Степенно произнес здравицу «чесной компании» и столь же степенно прошествовал в дальний, по левую руку, угол под «решкой» — толстой решеткой, которой было забрано высоко расположенное, но довольно обширное окно камеры. С ходу сумел Алексей Андреевич, которому шел уже шестидесятый год, произвести на арестантов впечатление бывалого тюремного сидельца.
Слева, на крайних к окну нарах, сидел, скрестив руки-ноги, крепкий угрюмый мужик. Как и все обитатели камеры, он с интересом глядел на нового постояльца Читинской тюрьмы.
— Эхе-хе, — пробормотал Бизин, опускаясь на нары рядом с бородатым крепышом. Повернул лицо к окну, — эхе-хе, знакомая картинка в клеточку…
Хозяин «шконки» выжидающе смотрел на шустрого старичка, прищурив один глаз — бельмастый. Бизин же небрежно отодвинул лежавшую на нарах ватную тужурку мужика, огляделся. Сузив глаза, поманил к себе нескладного паренька с ближнего к двери конца нар. Тот подошел с довольно удивленным видом.
— Чегой-то припарился я с дороги. — Порывшись в тощей котомке, Бизин протянул пареньку потемневшую оловянную кружку. — Нацеди-ка, малый, старику водицы испить.
А после наконец-то удостоил хозяина «шконки» вниманием.
— Как звать-величать тебя, мил человек? Откуда будешь?
— Ну, Баталов я. Коськой кличут… Читинский, с Кузнечных рядов…

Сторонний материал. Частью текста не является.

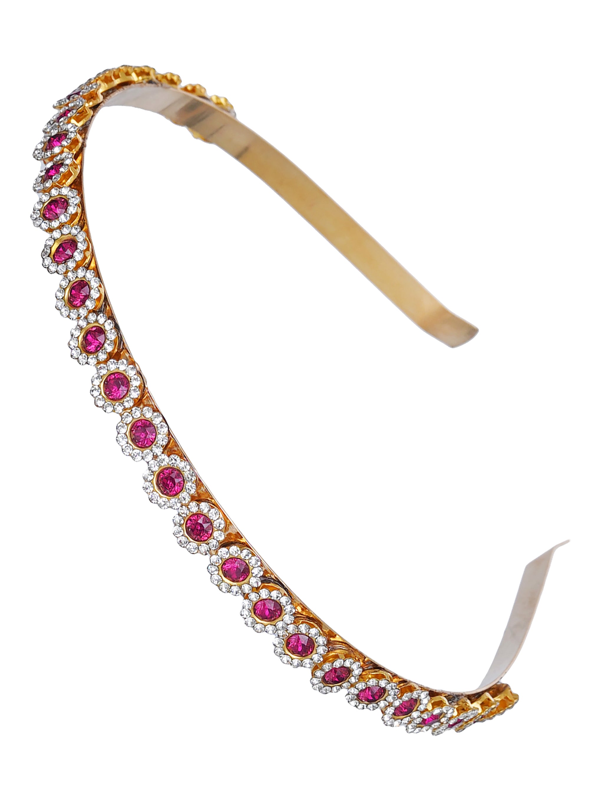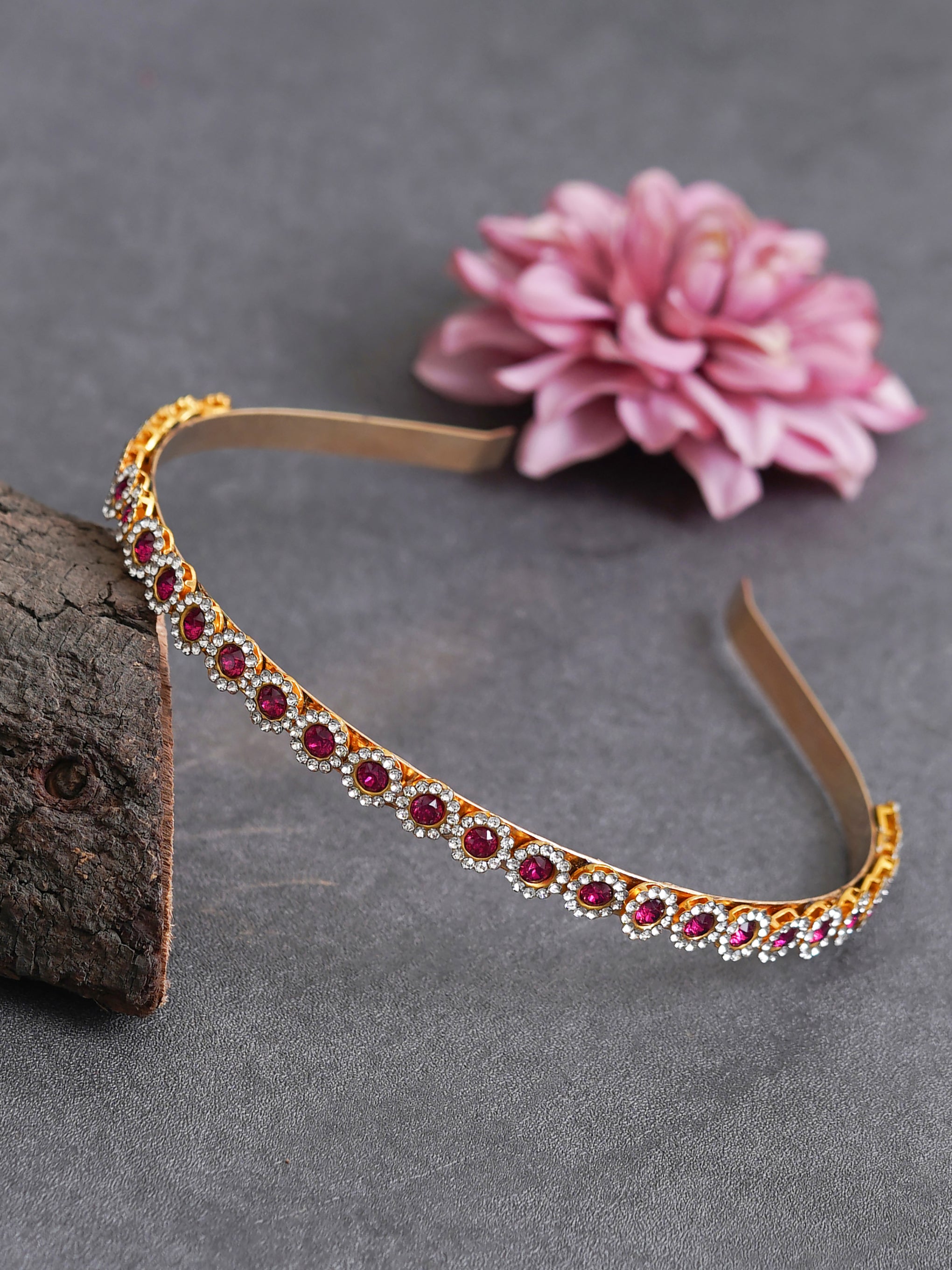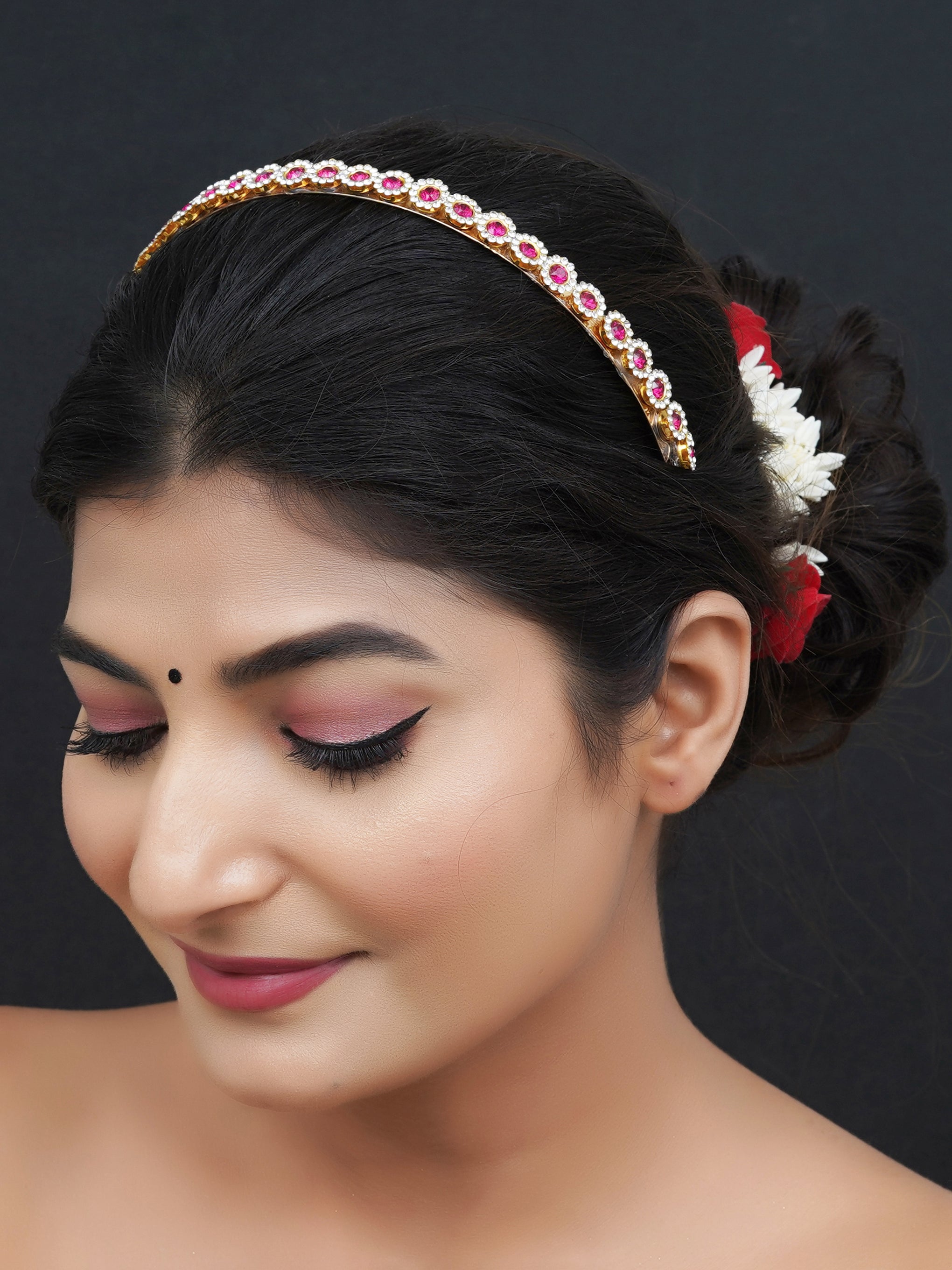Gold Plated Brass Hairband/Mathapatti Hair Band (Red)
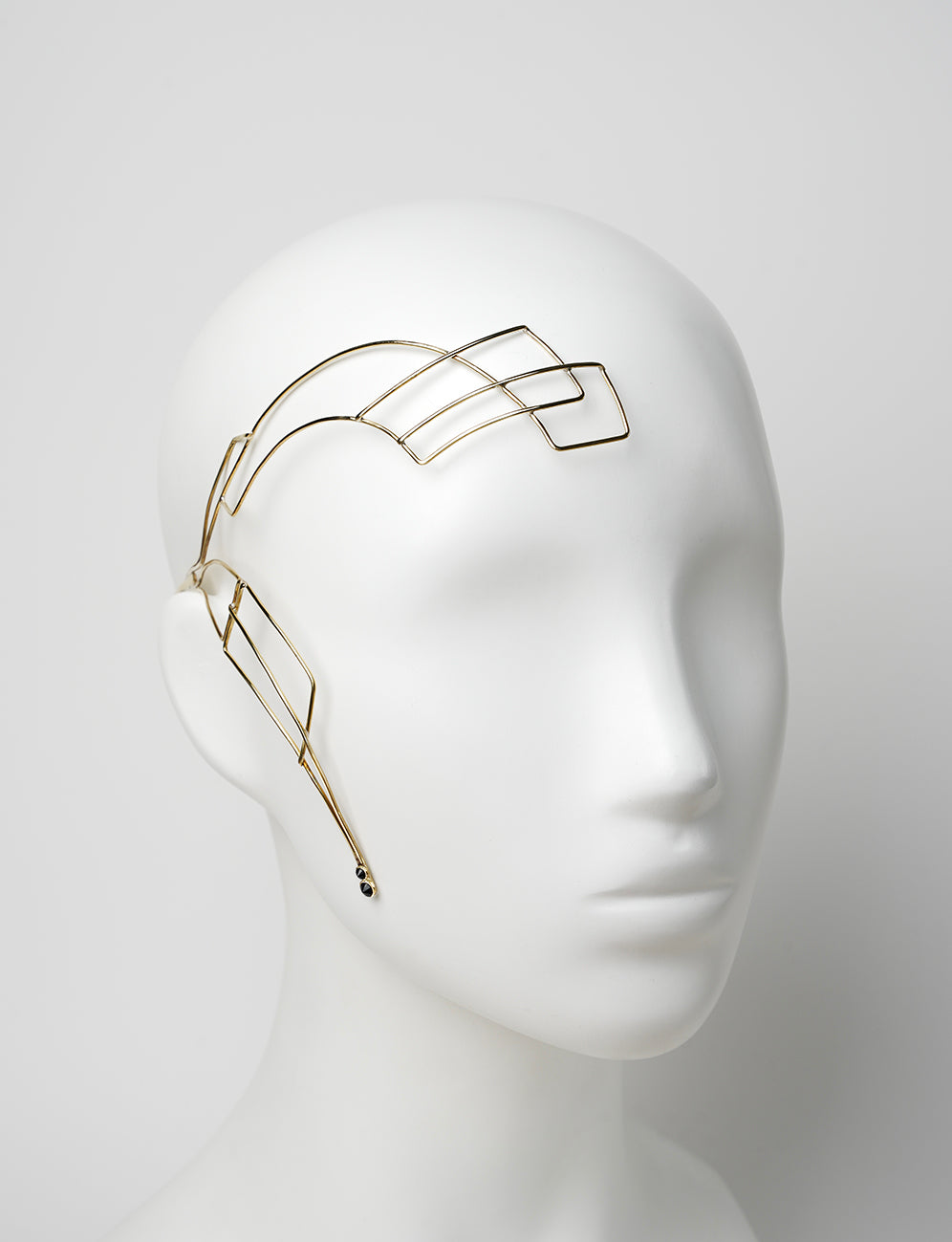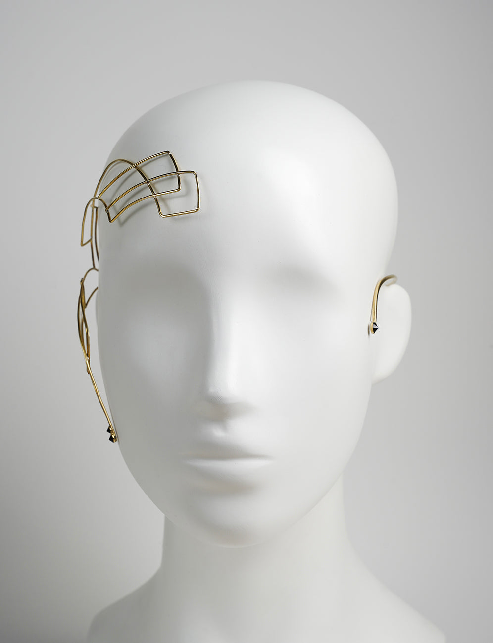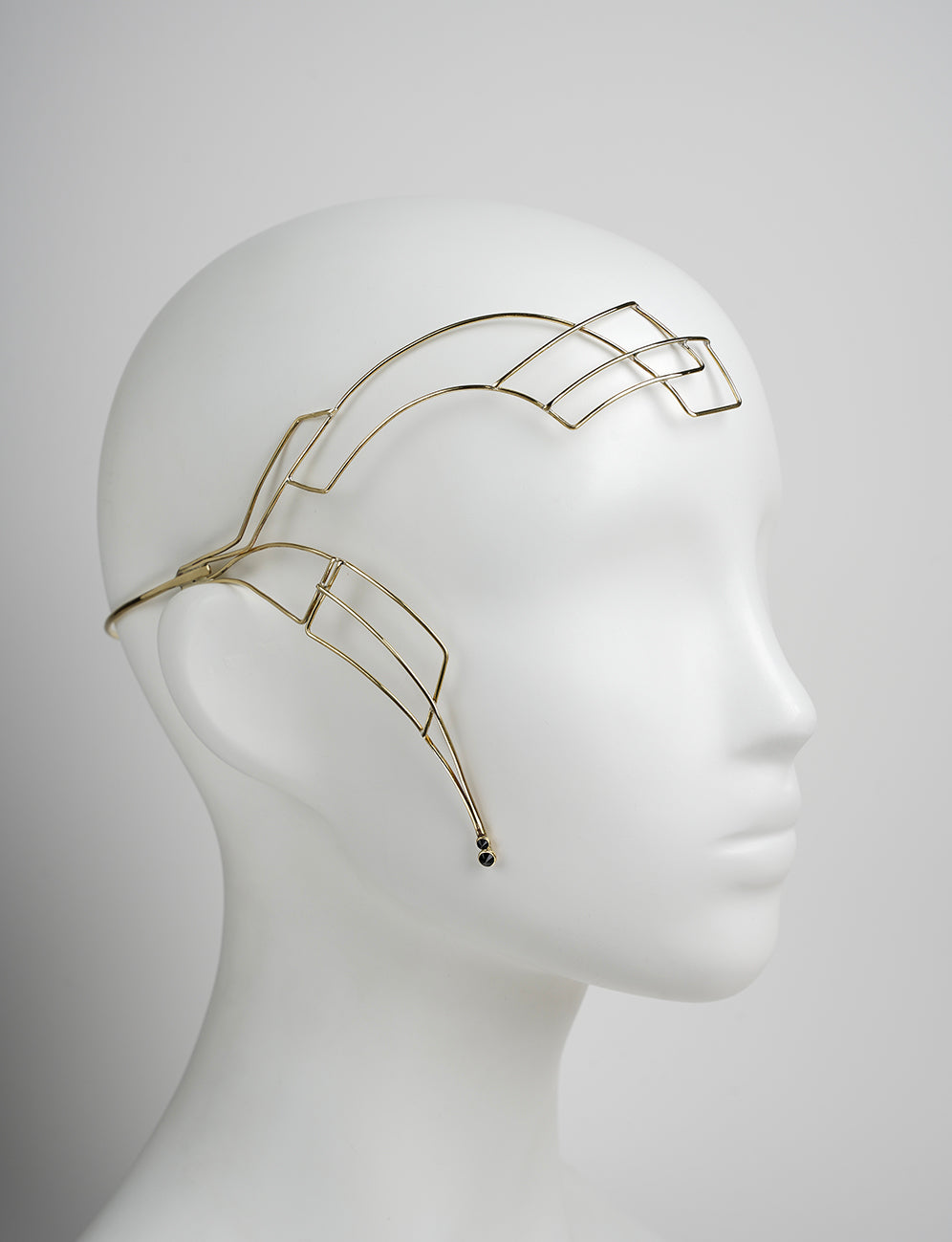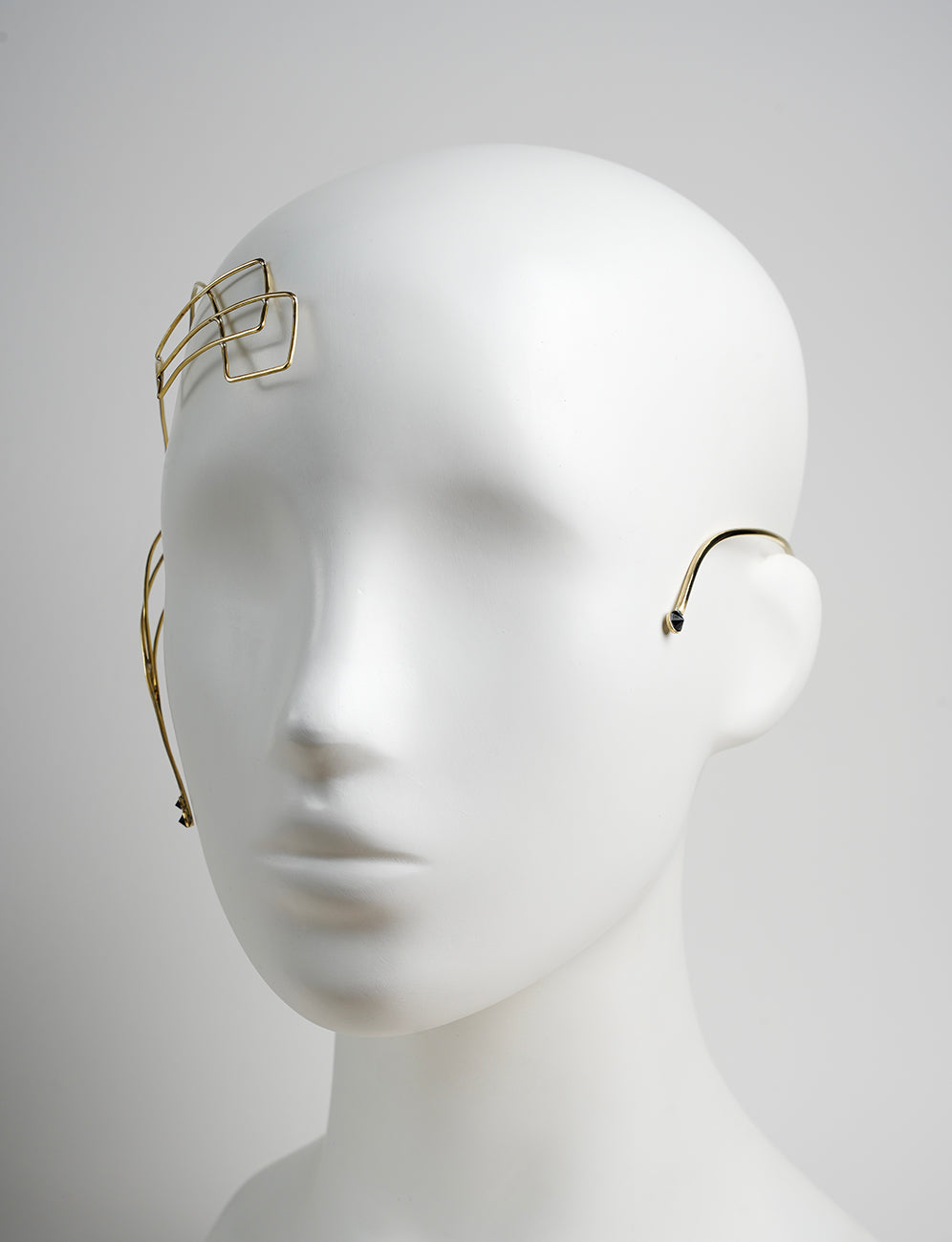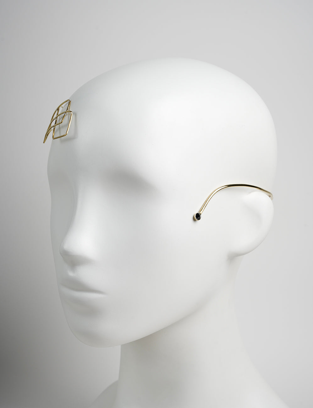 Ornement de tête - Parure de visage dorée. Son axe latéral gauche est profilé d'un design géométrique dont la continuité basse est sertie de deux Zirconium facettés noir. Son côté droit vient se refermer en début de joue avec un nouveau Zirconium facetté.

Бельмастый с удивительной готовностью отвечал объявившемуся в камере старичку.
— Константин, значит… — Бизин обеими руками принял из рук вернувшегося от дверей паренька полную кружку, неторопливо отпил пару глотков. — Говоришь, с Кузнечных? Стало быть, про Филю-Кабана слыхивал? Аль ни разу спиртишком не баловался?..
— Ха! Покуда могем, скопцы ли чо ли! — расплылся в кривом оскале мужичок. — Это дело мы завсегда, едрить тя, уважим… Филя, говоришь? Не с Новых мест?
— Он самый, — кротко кивнул Бизин. — Навроде племянничка у меня…
— Завсегда рады, — протянул грязную пятерню Баталов, уважительно глядя на старичка.
— Ты это, Константин, — словно не замечая протянутой руки, деловито распорядился Бизин. — Уважь старого человека, переберись, будь добр, наверх, а то устал я чего-то от суеты всей этой… Андреичем меня кличут, так и остальному народу можешь передать…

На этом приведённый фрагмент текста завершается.